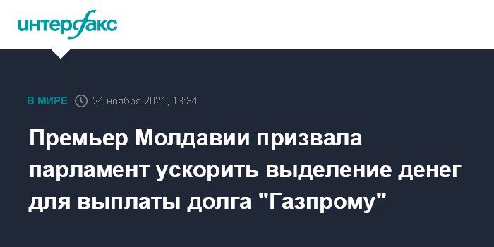 Москва. 24 ноября. INTERFAX.RU - Премьер-министр Молдавии Наталья Гаврилица обратилась в парламент с просьбой ускорить процедуры по выделению денег "Молдовагазу" для погашения текущей задолженности перед "Газпромом".
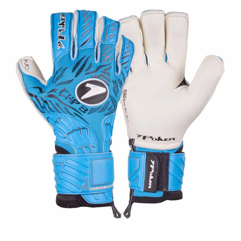 • A Luva de Goleiro Poker Champion 8 Extended Profissional Azul apresenta um novo design com uma visão esportiva de movimento e fluidez.
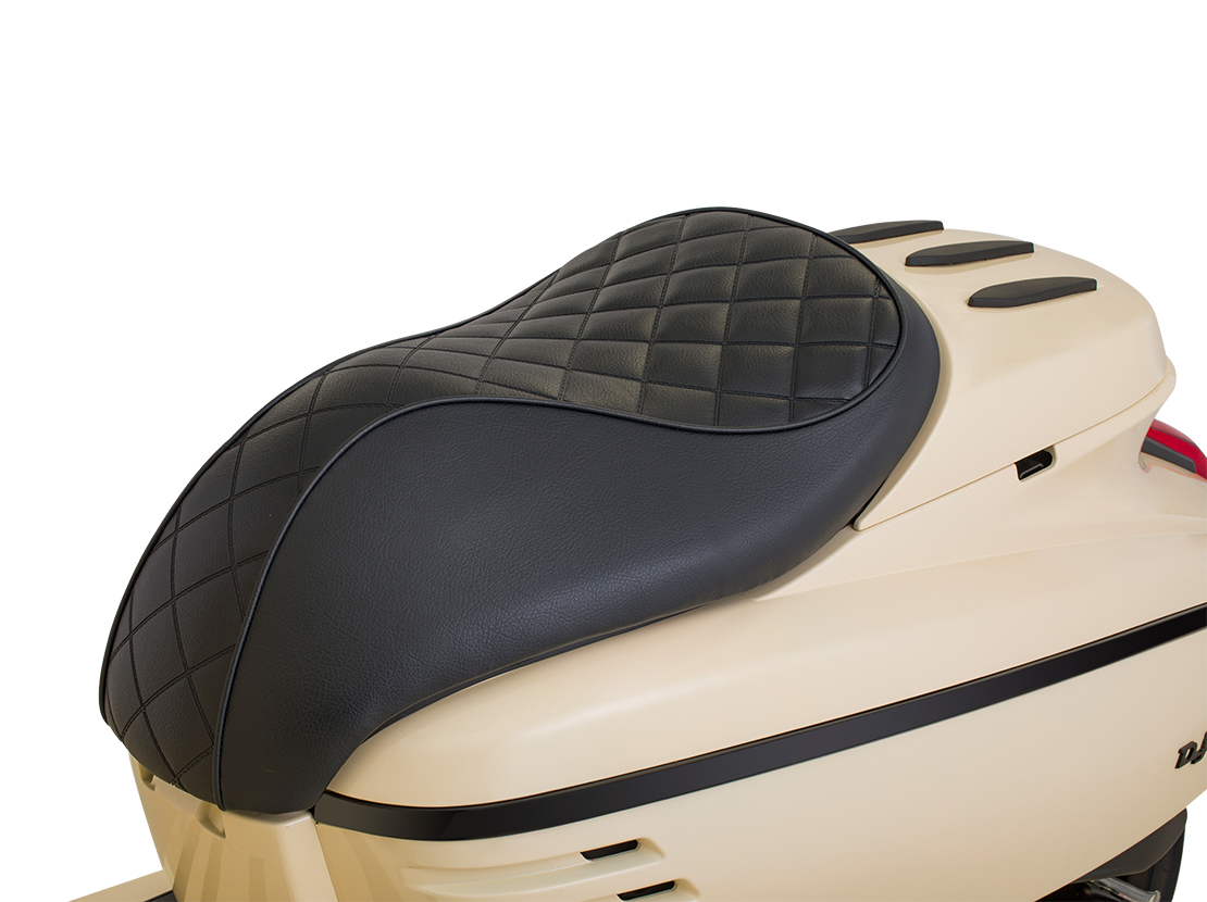 双人鞍座采用分段式设计,海绵硬度为模拟驾驶状态而设定,皮革缝合背面设有防水贴。对皮件的拼接、缝合、衬垫等要求非常严格,皮质柔韧,承托力均匀,减压出色。在造型和舒适度等方面为消费者提供最佳感受。

- What is expected: Without the pictures, transcribe the listing exactly as it stands.

- Exercise answer:
 Москва. 24 ноября. INTERFAX.RU - Премьер-министр Молдавии Наталья Гаврилица обратилась в парламент с просьбой ускорить процедуры по выделению денег "Молдовагазу" для погашения текущей задолженности перед "Газпромом".
 • A Luva de Goleiro Poker Champion 8 Extended Profissional Azul apresenta um novo design com uma visão esportiva de movimento e fluidez.
 双人鞍座采用分段式设计,海绵硬度为模拟驾驶状态而设定,皮革缝合背面设有防水贴。对皮件的拼接、缝合、衬垫等要求非常严格,皮质柔韧,承托力均匀,减压出色。在造型和舒适度等方面为消费者提供最佳感受。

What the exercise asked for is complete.